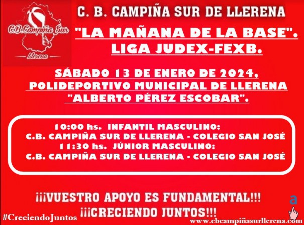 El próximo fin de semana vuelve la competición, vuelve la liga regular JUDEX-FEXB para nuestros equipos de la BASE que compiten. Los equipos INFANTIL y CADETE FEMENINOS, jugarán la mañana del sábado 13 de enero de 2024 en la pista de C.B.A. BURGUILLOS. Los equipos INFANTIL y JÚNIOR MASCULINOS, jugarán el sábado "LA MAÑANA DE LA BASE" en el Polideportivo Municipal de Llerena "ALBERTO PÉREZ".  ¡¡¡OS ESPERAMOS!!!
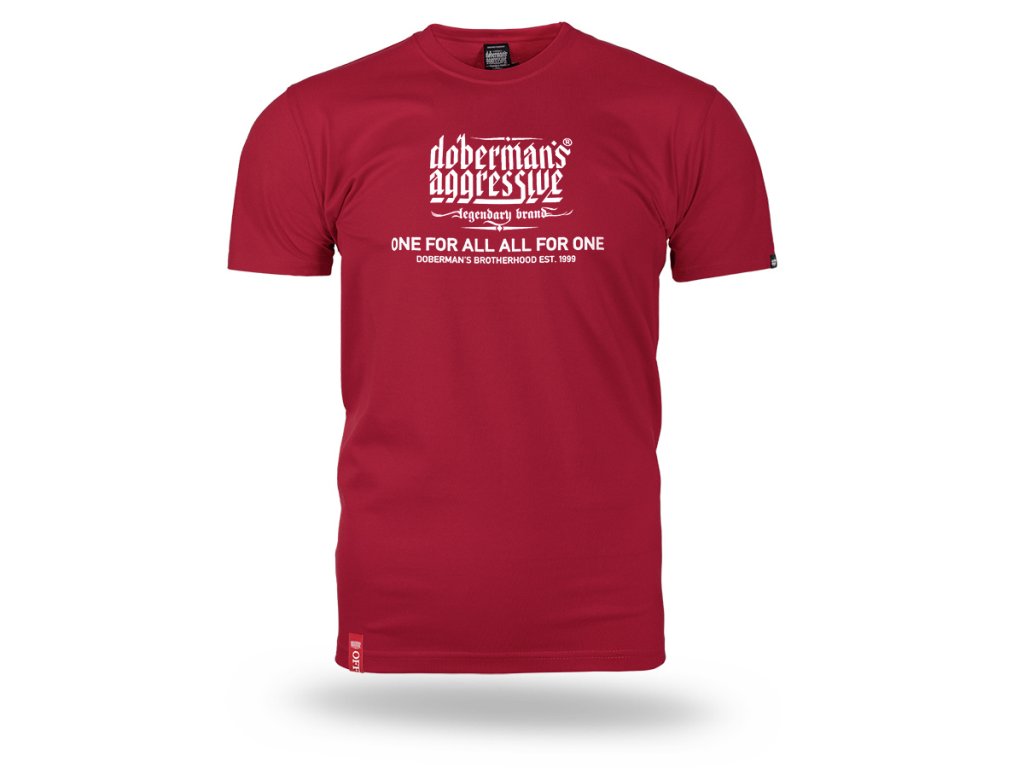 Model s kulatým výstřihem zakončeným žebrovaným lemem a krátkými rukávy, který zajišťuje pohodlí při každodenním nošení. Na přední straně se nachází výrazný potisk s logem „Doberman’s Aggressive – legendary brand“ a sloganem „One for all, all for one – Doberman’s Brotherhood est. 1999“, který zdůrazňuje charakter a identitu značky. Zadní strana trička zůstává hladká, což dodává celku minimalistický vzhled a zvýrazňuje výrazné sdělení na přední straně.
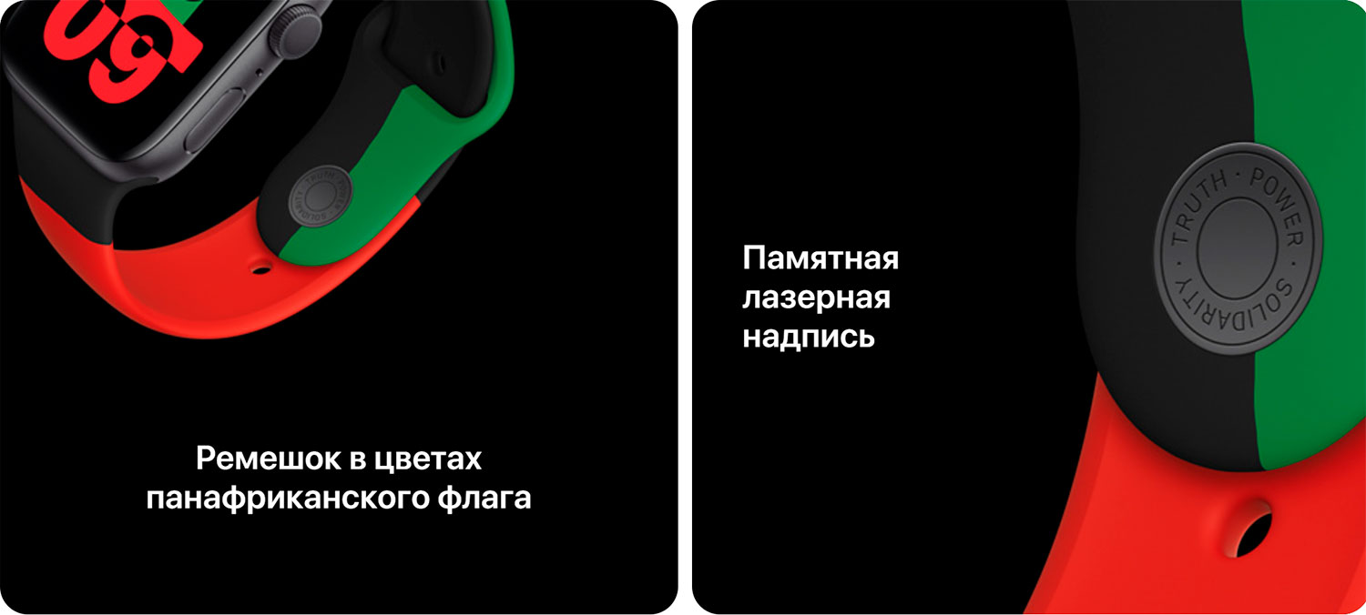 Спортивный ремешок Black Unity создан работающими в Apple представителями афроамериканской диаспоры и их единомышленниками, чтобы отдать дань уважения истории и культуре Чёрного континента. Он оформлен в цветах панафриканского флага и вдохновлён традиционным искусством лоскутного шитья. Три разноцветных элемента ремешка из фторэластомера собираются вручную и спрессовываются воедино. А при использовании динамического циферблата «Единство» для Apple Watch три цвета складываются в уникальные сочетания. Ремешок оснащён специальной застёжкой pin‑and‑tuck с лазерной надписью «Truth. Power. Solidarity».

....

Required action – Give back the material exactly as written, from its first line to the line that contains "Model s kulatým", and leave out the pictures.

Result below –
 El próximo fin de semana vuelve la competición, vuelve la liga regular JUDEX-FEXB para nuestros equipos de la BASE que compiten. Los equipos INFANTIL y CADETE FEMENINOS, jugarán la mañana del sábado 13 de enero de 2024 en la pista de C.B.A. BURGUILLOS. Los equipos INFANTIL y JÚNIOR MASCULINOS, jugarán el sábado "LA MAÑANA DE LA BASE" en el Polideportivo Municipal de Llerena "ALBERTO PÉREZ".  ¡¡¡OS ESPERAMOS!!!
 Model s kulatým výstřihem zakončeným žebrovaným lemem a krátkými rukávy, který zajišťuje pohodlí při každodenním nošení. Na přední straně se nachází výrazný potisk s logem „Doberman’s Aggressive – legendary brand“ a sloganem „One for all, all for one – Doberman’s Brotherhood est. 1999“, který zdůrazňuje charakter a identitu značky. Zadní strana trička zůstává hladká, což dodává celku minimalistický vzhled a zvýrazňuje výrazné sdělení na přední straně.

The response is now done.